Delectable Teriyaki Salmon Bowls with Crispy Brussels Sprouts merge Japanese-inspired flavors for a quick weeknight dinner. Salmon glazed with sweet-tangy sauce nestles alongside roasted sprouts, creating a balanced meal that satisfies both nutrition and taste preferences.


Ingredients

Scale
  • 4 salmon fillets (6 oz / 170 g each)
  • ¼ cup (60 ml) teriyaki sauce
  • 1 tbsp soy sauce
  • 2 cups cooked white or brown rice (or quinoa)
  • 1 pound (450 g) brussels sprouts, halved or quartered
  • 2 tbsps olive oil
  • 2 green onions, thinly sliced
  • 1 tsp sesame oil
  • 1 tsp honey or brown sugar
  • 1 tsp minced garlic
  • 1 tsp garlic powder
  • ½ tsp salt
  • ¼ tsp black pepper
  • 1 tbsp sesame seeds
  • Sriracha or chili flakes (optional)

Instructions

  1. Prep Brussels Sprouts: Arrange parchment paper on a baking sheet and preheat oven to 425°F. Thoroughly coat Brussels sprouts with olive oil, garlic powder, salt, and pepper, spreading evenly across the sheet for uniform roasting.
  2. Roast Vegetables: Bake Brussels sprouts for 20-25 minutes, rotating midway to achieve crispy, caramelized edges that enhance their natural flavor profile.
  3. Craft Marinade: Whisk together teriyaki sauce, soy sauce, sesame oil, honey, and minced garlic in a mixing bowl, creating a complex, umami-rich liquid for salmon infusion.
  4. Marinate Salmon: Submerge salmon fillets in the prepared marinade, allowing them to absorb the intricate flavor combinations for at least 15 minutes.
  5. Cook Salmon: Heat a nonstick skillet over medium heat, carefully placing salmon skin-side down. Cook for 4-5 minutes, then flip and continue cooking for an additional 3-4 minutes until perfectly caramelized and cooked through.
  6. Reduce Sauce: Transfer reserved marinade to a small saucepan, simmering until it thickens and develops a glossy, intense flavor profile. Brush the reduced sauce over the cooked salmon for maximum taste intensity.
  7. Assemble Bowls: Layer cooked rice or quinoa in serving bowls, top with salmon fillets and roasted Brussels sprouts. Drizzle remaining teriyaki sauce for added moisture and depth of flavor.
  8. Finish and Serve: Garnish with sesame seeds, chopped green onions, and optional sriracha or chili flakes. Serve immediately to preserve the optimal temperature and textural contrast of the dish.

Notes

Optimize Salmon Marination: Let salmon soak in teriyaki mixture for at least 30 minutes to maximize flavor absorption and tenderness, preventing dry texture.

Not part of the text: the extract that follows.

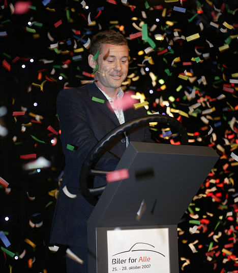 - ved åbningen af Biler for Alle 2007 5, 4, 3, 2, 1 – Jeg erklærer hermed Biler for Alle 2007 for åben. Velkommen til drømmenes pit-garage! Tom Kristensen lyste op og fangede alles opmærksomhed, fra det øjeblik han trådte ind i Messecenter Herning for at stå for åbningen af Skandinaviens største biludstilling – Biler for Alle 2007. Han var her og der og alle vegne, og alle steder var han et velkomment lyspunkt. - Messecenter Herning er igen drømmenes og bilernes holdeplads. Jeg var her til bilmesse som 8-årig, og dengang startede min drengedrøm om biler og racerløb. Nu skal jeg atter lege med biler her i messecentret – denne gang dog i noget større målestok. Husk drømme er fantasiens brændstof, og det skader ikke at tanke godt op, sagde Danmarks største motorsportsstjerne nogensinde, Tom Kristensen, da han torsdag åbnede Biler for Alle 2007 i en regn af confetti.

Control Brussels Sprouts Crispiness: Spread sprouts in single layer without overcrowding, ensuring direct heat contact for golden-brown, crispy edges without steaming.

Monitor Salmon Cooking Precision: Use instant-read thermometer to check internal temperature reaches 145°F, preventing overcooking while maintaining moist, flaky texture.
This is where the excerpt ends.